In a couple of prior posts I have referenced the great vacation we took to Mexico in 2017 that helped spark our decision to try traveling for a year, so it seems appropriate to share details about that trip. It actually all starts with a long ago episode of House Hunters International, in which a woman was purchasing a home in which to retire in Mérida. They described the city as an artistic community, full of charm, and extraordinarily inexpensive. I made a mental note.

So when planning our winter getaway to break up the Missouri winter, I presented Chad with three options, one of which was Mérida. Even compared to flying down to Florida to stay with his parents, Mérida was cheaper. And so that was Chad’s choice.

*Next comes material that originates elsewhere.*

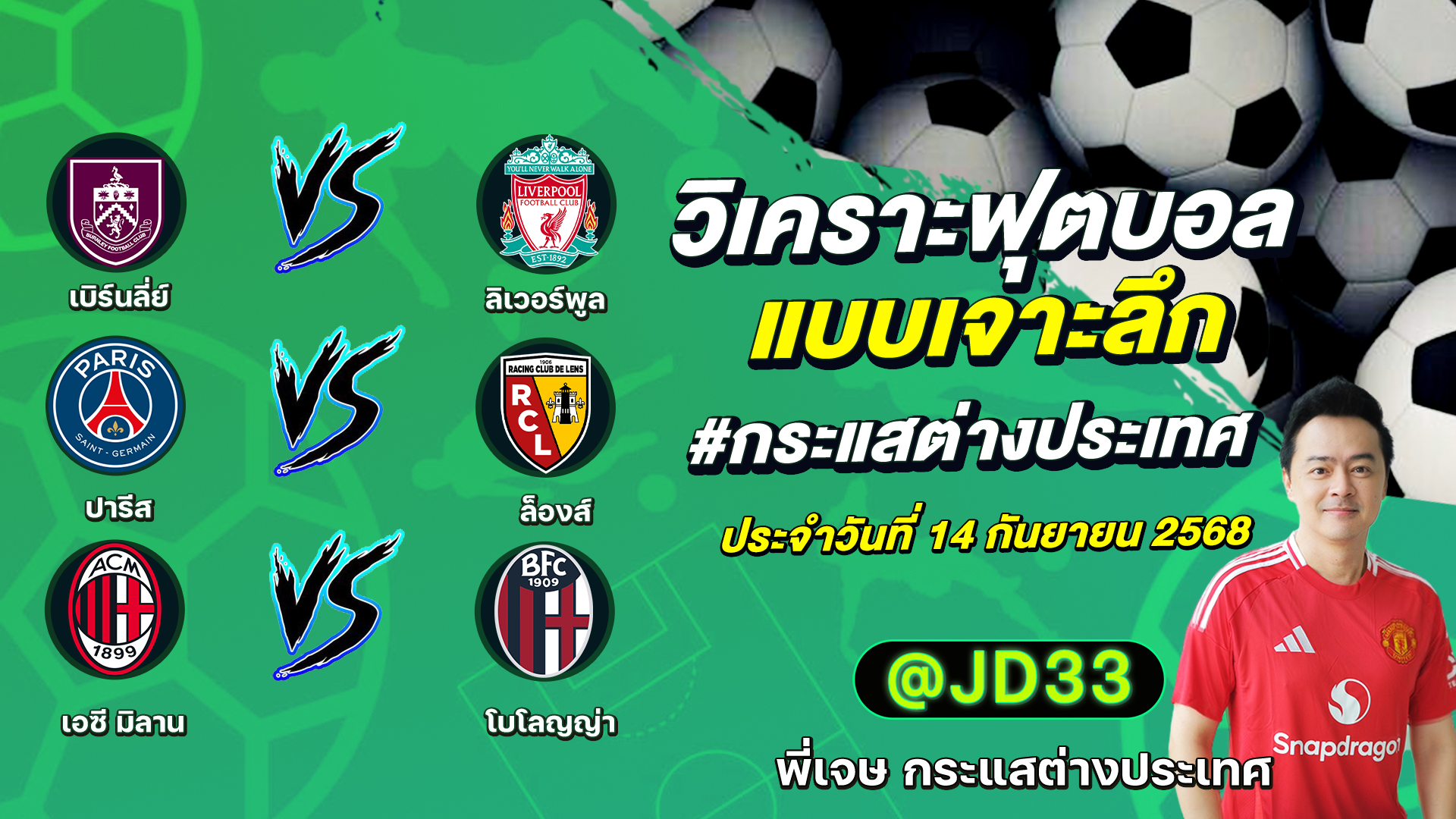 วิเคราะห์บอล กระแสต่างประเทศ 3 คู่ ประจำวันที่ 14/09/2568 รับ ทีเด็ดบอลวันนี้ ทีเด็ดบอลเต็ง ทรรศนะบอล 3 คู่ กับ พี่เจษ กระแสต่างประเทศ ได้ทุกวันที่นี่ที่เดียว ทีเด็ดบอล 3 คู่ หน้ากล้อง | วันอาทิตย์ ที่ 14 กันยายน 2568 ▁▁▁▁▁▁▁▁▁▁▁▁▁▁▁▁▁▁▁▁▁▁▁ 00:17 | เบิร์นลี่ย์ VS ลิเวอร์พูล 01:20 | ปารีส WEB ADMIN 14 กันยายน 2025

Upon further research, I discovered that Mérida is actually a really large city. So, knowing our preferred travel style (expect a future post on “The Vegas Principle”), I found some additional places in Mexico to visit with Mérida as our main base. Of course, since Chad and I were both still in the mode of working all the time, this mid-winter break would be limited to only a week. This was our itinerary for a mid-February week in the Yucatan:

  • Arrived in Mérida late Sunday night, picked up our rental car and checked into hotel. This did not go altogether smoothly, as at that time we weren’t carrying credit cards (just debit cards) and the place we had the reservation had a policy against debit cards. Happily, we found an alternative car rental at the airport and it all turned out ok. We missed the street fair we hoped to check out, but after checking into our Freda Kahlo-inspired hotel, enjoyed a nice dinner out along one of the squares.
  • Spent Monday exploring Mérida, including the market, the buildings around the Plaza Grande, and the Museo del Mundo Maya (Museum of the Mayan World) to provide context for the rest of our visit. I believe this was also the night we tried Mezcal, a liquor made from agave that is like a smokier tequila. It came with orange slices, chili salt and dried bugs. Dinner that night was at a fancy Italian place.
  • On Tuesday we drove to the Ek’ Balam Mayan ruins, one of Mexico’s best-kept secrets, which we’d first visited in 2006 on a trip with Chad’s folks. It had definitely become more developed in the 11 intervening years, but was still not at all crowded and this time around we also came prepared to swim in its awesome cenote. After Ek’ Balam we visited the town of Valladoid for a fantastic lunch that included fresh guacamole prepared tableside.
  • On Wednesday, we left our Mérida hotel and drove to the beach town of Progreso. We swam and sunbathed for a couple of hours, having rented chairs from a beach vendor. Then we went to a beachside sports bar to watch Arsenal’s Champions League match and enjoyed some lovely bar snack and a very impressive pulpo (grilled octopus). What we did not enjoy was the match, because Arsenal played terribly. I’m still not over it. From there we drove on to the walled city of Campeche.
  • On Thursday we explored Campeche, walking along the city walls, touring its hole-in-the-wall museums about colonials and pirates, and walking along the sea. We enjoyed a fabulous dinner on its restaurant row, Calle Ocho.
  • On Friday we were back in the car, this time headed to the amazing Uxmal ruins, which are stunning and huge. After lunch at a resort nearby, we swam in a couple of great cenotes (X’Batún and Dzombakal) off the beaten path in the town of San Antonio Mulix and made it back to Mérida in time to catch the Mayan ball game demonstration on the square and enjoy one last nice dinner out.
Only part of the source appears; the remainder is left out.